* _Exercise description_
Reproduce the lines below verbatim. Pictures are to be omitted.

* _Data excerpt_
'''
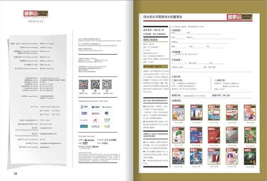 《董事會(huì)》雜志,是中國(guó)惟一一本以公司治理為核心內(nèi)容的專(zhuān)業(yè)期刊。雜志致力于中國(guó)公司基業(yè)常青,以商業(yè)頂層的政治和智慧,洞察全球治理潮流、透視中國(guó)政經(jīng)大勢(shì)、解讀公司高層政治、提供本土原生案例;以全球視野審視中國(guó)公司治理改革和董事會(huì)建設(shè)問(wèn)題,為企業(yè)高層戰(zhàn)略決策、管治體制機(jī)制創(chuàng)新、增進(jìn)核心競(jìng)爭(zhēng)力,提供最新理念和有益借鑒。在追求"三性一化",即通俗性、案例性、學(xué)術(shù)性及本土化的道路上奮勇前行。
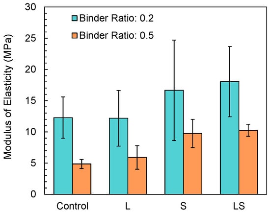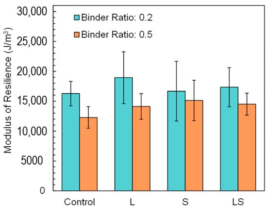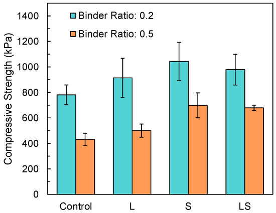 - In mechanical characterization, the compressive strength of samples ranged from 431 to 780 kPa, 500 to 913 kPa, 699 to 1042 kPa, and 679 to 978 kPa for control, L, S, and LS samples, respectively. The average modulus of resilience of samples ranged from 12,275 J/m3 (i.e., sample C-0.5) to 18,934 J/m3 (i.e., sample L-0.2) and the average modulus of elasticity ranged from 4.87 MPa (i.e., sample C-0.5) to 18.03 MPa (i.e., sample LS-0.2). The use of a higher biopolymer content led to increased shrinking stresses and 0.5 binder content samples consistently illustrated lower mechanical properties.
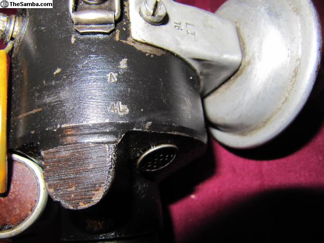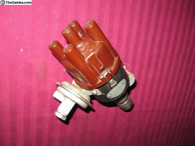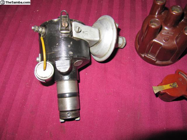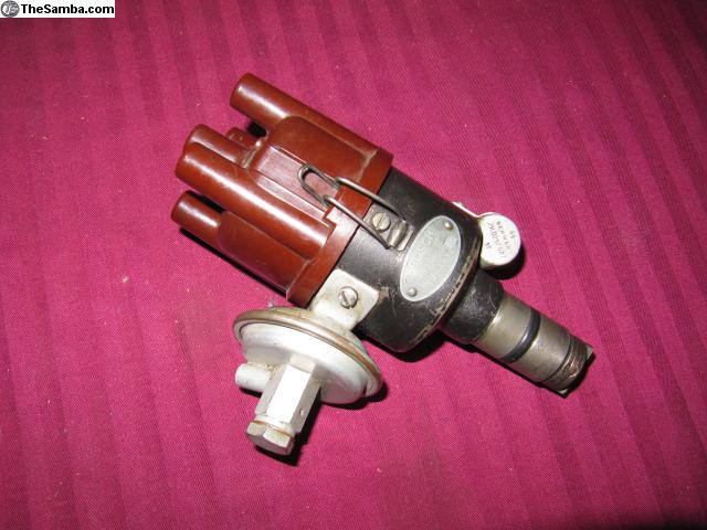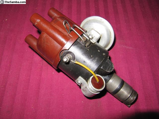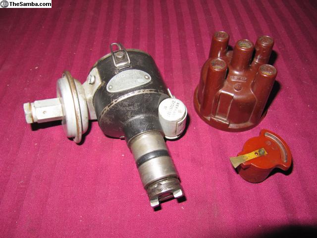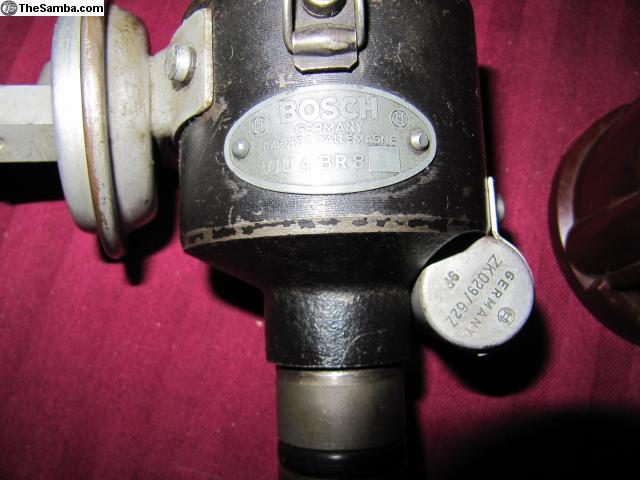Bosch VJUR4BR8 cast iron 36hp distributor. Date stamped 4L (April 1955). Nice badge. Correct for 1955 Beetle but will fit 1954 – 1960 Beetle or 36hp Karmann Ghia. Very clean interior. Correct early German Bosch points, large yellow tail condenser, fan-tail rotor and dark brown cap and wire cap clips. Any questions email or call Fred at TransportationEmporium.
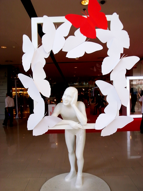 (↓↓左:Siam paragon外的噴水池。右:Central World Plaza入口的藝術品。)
'''
* _Written response_
 《董事會(huì)》雜志,是中國(guó)惟一一本以公司治理為核心內(nèi)容的專(zhuān)業(yè)期刊。雜志致力于中國(guó)公司基業(yè)常青,以商業(yè)頂層的政治和智慧,洞察全球治理潮流、透視中國(guó)政經(jīng)大勢(shì)、解讀公司高層政治、提供本土原生案例;以全球視野審視中國(guó)公司治理改革和董事會(huì)建設(shè)問(wèn)題,為企業(yè)高層戰(zhàn)略決策、管治體制機(jī)制創(chuàng)新、增進(jìn)核心競(jìng)爭(zhēng)力,提供最新理念和有益借鑒。在追求"三性一化",即通俗性、案例性、學(xué)術(shù)性及本土化的道路上奮勇前行。
 - In mechanical characterization, the compressive strength of samples ranged from 431 to 780 kPa, 500 to 913 kPa, 699 to 1042 kPa, and 679 to 978 kPa for control, L, S, and LS samples, respectively. The average modulus of resilience of samples ranged from 12,275 J/m3 (i.e., sample C-0.5) to 18,934 J/m3 (i.e., sample L-0.2) and the average modulus of elasticity ranged from 4.87 MPa (i.e., sample C-0.5) to 18.03 MPa (i.e., sample LS-0.2). The use of a higher biopolymer content led to increased shrinking stresses and 0.5 binder content samples consistently illustrated lower mechanical properties.
Bosch VJUR4BR8 cast iron 36hp distributor. Date stamped 4L (April 1955). Nice badge. Correct for 1955 Beetle but will fit 1954 – 1960 Beetle or 36hp Karmann Ghia. Very clean interior. Correct early German Bosch points, large yellow tail condenser, fan-tail rotor and dark brown cap and wire cap clips. Any questions email or call Fred at TransportationEmporium.
 (↓↓左:Siam paragon外的噴水池。右:Central World Plaza入口的藝術品。)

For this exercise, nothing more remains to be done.